**TASK DETAILS:**
Write out the listing from the line with "At the US embassy" to the line with "大瀧 真礼さんの天格は23画の5点!", both lines included, exactly and nothing beyond. Leave pictures out.

**SUPPLIED ENTRIES:**
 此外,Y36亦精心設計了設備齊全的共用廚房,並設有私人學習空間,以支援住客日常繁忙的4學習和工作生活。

* * *

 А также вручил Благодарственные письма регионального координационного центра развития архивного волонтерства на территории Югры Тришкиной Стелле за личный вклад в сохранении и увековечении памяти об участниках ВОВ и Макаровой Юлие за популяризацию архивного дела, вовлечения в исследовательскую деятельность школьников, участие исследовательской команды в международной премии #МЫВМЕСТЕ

==

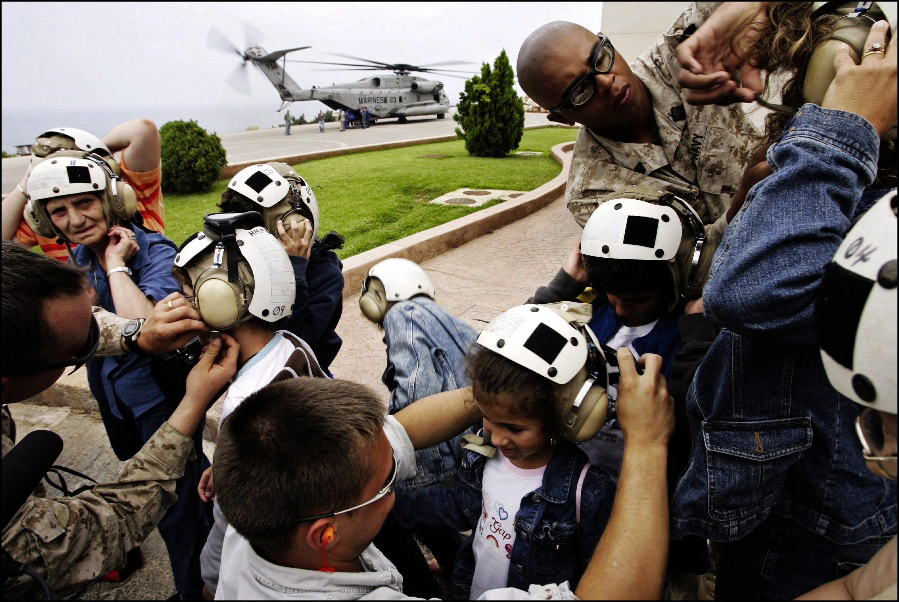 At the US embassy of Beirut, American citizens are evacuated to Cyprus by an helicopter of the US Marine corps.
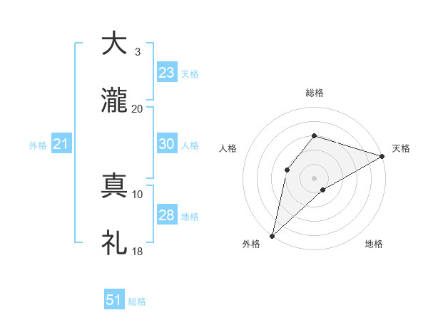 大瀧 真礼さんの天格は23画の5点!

**RESPONSE FOR THIS EXERCISE:**
 At the US embassy of Beirut, American citizens are evacuated to Cyprus by an helicopter of the US Marine corps.
 大瀧 真礼さんの天格は23画の5点!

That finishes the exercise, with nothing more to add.